Thursday, August 19, 2010

Oysters & Elk

I can’t believe it has already been ten  years since my muse came stomping out of my mind one night and started telling tall tales. This one was the first one.
You see, it all happened like this …

When we first moved to South Bend we had only an old 286 computer that was so slow we could not even do more than rudimentary online things. Then my oldest daughter gave us an old 386 computer that was still faster than what we had.
So one night by prior agreement with my Utah relatives and using the MyFamily website, Lietta and I sat down together in front of the  monitor to chat with those guys.

Well it sort of worked. Problem was that it was still so slow that by the time the messages loaded everybody else was 4-5 messages further down the list. While sitting there waiting for a new screen, I started fiddling around with making up little storylines to pass the time.

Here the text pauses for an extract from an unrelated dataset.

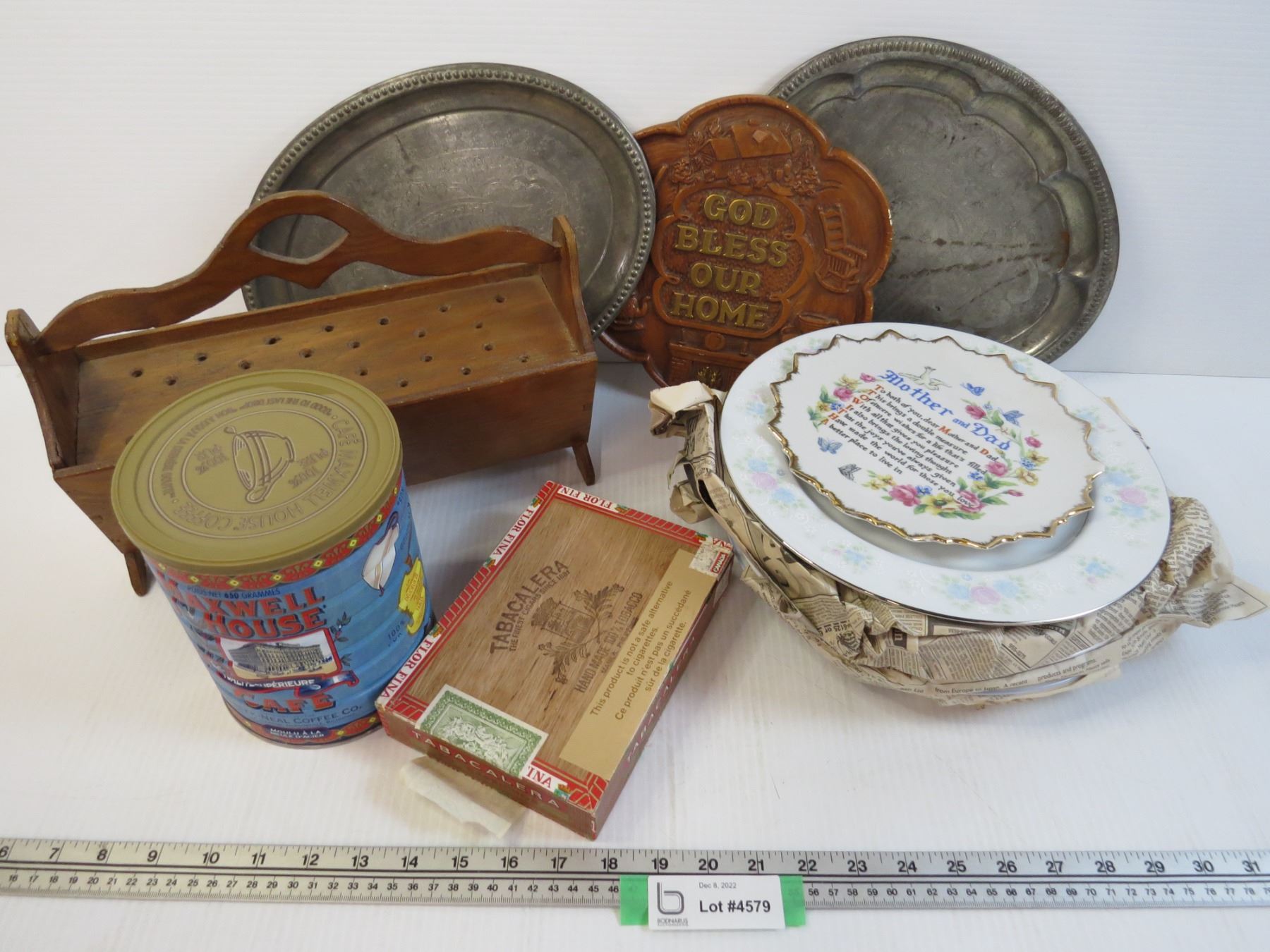 Cigar Box - (2) Metal Trays - (7) Assorted Plates - (2) Wall Plates - Coffee Tin - Homemade Wooden Holder?

That’s when my alter ego, Jake Turnrose, spoke to me from the beyond and insisted on taking over my brand new tall tale enterprise.  In the space of a week four tales emerged faster than I could write them down.

So I realized that I could channel a voice from beyond whatever the pale might be … well at least I could channel Jake Turnrose. I’ll let him take it from here.
****





Well, I'll tell ya... South Bend boasts about be'in the "Oyster Capital a the World" and to quote a famous westerner from over in the Rockies in Utah, when it comes to oysters, "This here’s the place, Bub!"

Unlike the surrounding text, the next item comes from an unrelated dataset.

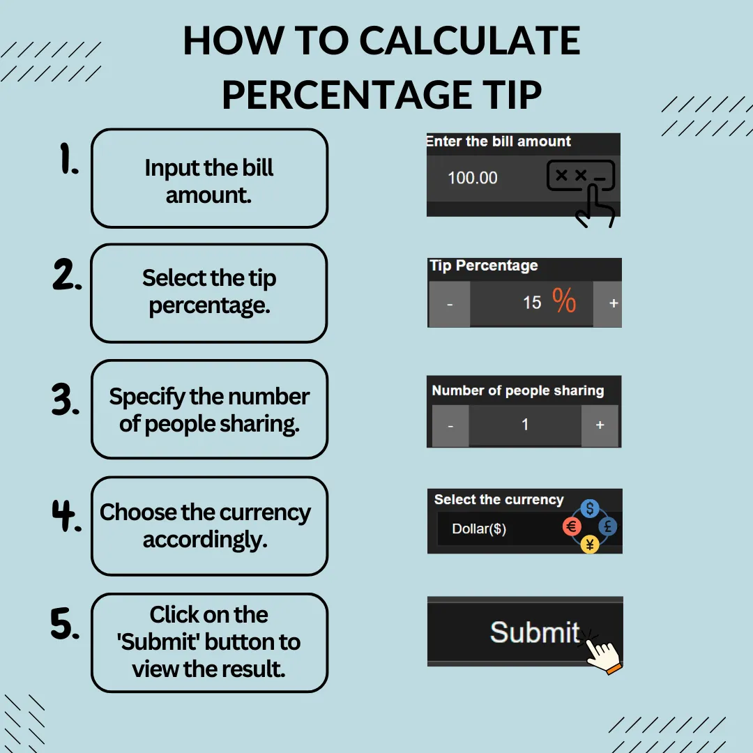 Our tip percentage calculator offers the flexibility to tailor both the bill amount and tip percentage to your preferences. Select any bill amount, whether it includes decimal or non-rounded figures, and specify the desired tip percentage. Additionally, you can indicate the number of persons sharing the bill. The tool also provides support for various currency options, enhancing convenience.
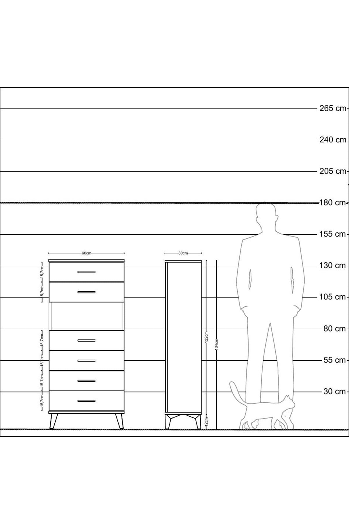 Arges Dolap Tek Raflı 6 Çekmeceli 60x30x134 Aytaşı-Çam

Why they GROW em here! They don't just go traipsin out in the Willapa Bay with their little boaties an some sorta quipment ta scoop and snag em offa the bottom of the Bay.

Oh no!!

They grow em in oyster beds not to fer from the processin plants themselves.
An I don't think them oysters is lollygaggin in no "bed an breakfast" – they’re doin their jobs and growin, obeyin the oyster farmers like corn and wheat obeys the farmers.

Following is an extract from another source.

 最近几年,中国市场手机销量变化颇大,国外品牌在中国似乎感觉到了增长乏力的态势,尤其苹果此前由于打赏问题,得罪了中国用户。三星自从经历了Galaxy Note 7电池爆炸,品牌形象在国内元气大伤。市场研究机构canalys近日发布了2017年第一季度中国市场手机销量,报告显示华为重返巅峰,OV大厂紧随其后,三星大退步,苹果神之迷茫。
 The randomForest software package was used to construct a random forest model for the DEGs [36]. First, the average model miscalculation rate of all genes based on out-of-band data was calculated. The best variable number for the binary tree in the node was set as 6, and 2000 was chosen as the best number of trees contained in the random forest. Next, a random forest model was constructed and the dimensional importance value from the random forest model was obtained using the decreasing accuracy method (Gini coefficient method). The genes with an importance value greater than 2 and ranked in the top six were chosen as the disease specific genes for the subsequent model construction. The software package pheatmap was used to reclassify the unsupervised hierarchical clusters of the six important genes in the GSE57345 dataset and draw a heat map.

An when them oysters is up past seafood pooberty or whatever they naturally git past, they git harvested.

Memorial Day around these parts is more'n just honor'n the soldiers and sailors. Here they honor the oysters, callin it the "Oyster Stampede."

I got caught in a oyster stampede my first year here while I was drivin my 1940 Studebaker Commander along  Highway 101 just this side a South Bend. Them there oysters was a stampedin in full gallop across the highway and there wasn't gonna be no stoppin fer no highway traffic.

I slid on ma brakes but was too late. I crunched ten or twenty of the little critters.
I hit one direct with my front left tire and you could see that oyster's stunned look when he went squirtin outta his half shell and smacked into the side of the local oil dealer's shed.

The others just kept comin across the highway and bein dareful an challengin me to hit em.

Can't do that though cause by whackin oysters you're a harmin the town's source a income and you're more'n likely ta wind up in the slammer fer that than fer be'in drunk and disorderly at the Chester Tavern in South Bend.

And elk?

Boy we got em!

There's a town smaller'n Bankrupt, Idaho, out on Highway 6 that goes by the name a Frances. The elks must a had some ancestor elk named Frances cause they hang out there almost all winter.

One or two folks out there'll tell ya they talk to the elk.

There's a road, Elk Prairie Road, that cuts off to the right as you're driving  east through Frances. That road loops around behind Frances and comes back to Highway 6 on the other side.

About half way around on Elk Prairie Road, some feller years ago left a purty white commode along side the road. Musta been his idea of a rest stop like they got on that big freeway east a Pe El.

Anyway, that commode is truly white and clean-lookin and the only thing we can figure is that the elk must think it's a salt lick and are keepin it clean without knowin that they're doin it.

I heard talk at the tavern in Lebam bout changin the name of that road to "Commode Road." The motto would be  "Welcome ta Frances, where the Elk's speak up and folks listen."

Well, that's all I got to say tonight. Me an my little woman are gonna have supper then set up the card table and play a little Combat Scrabble.

Til later this is Jake Turnrose sayin so long.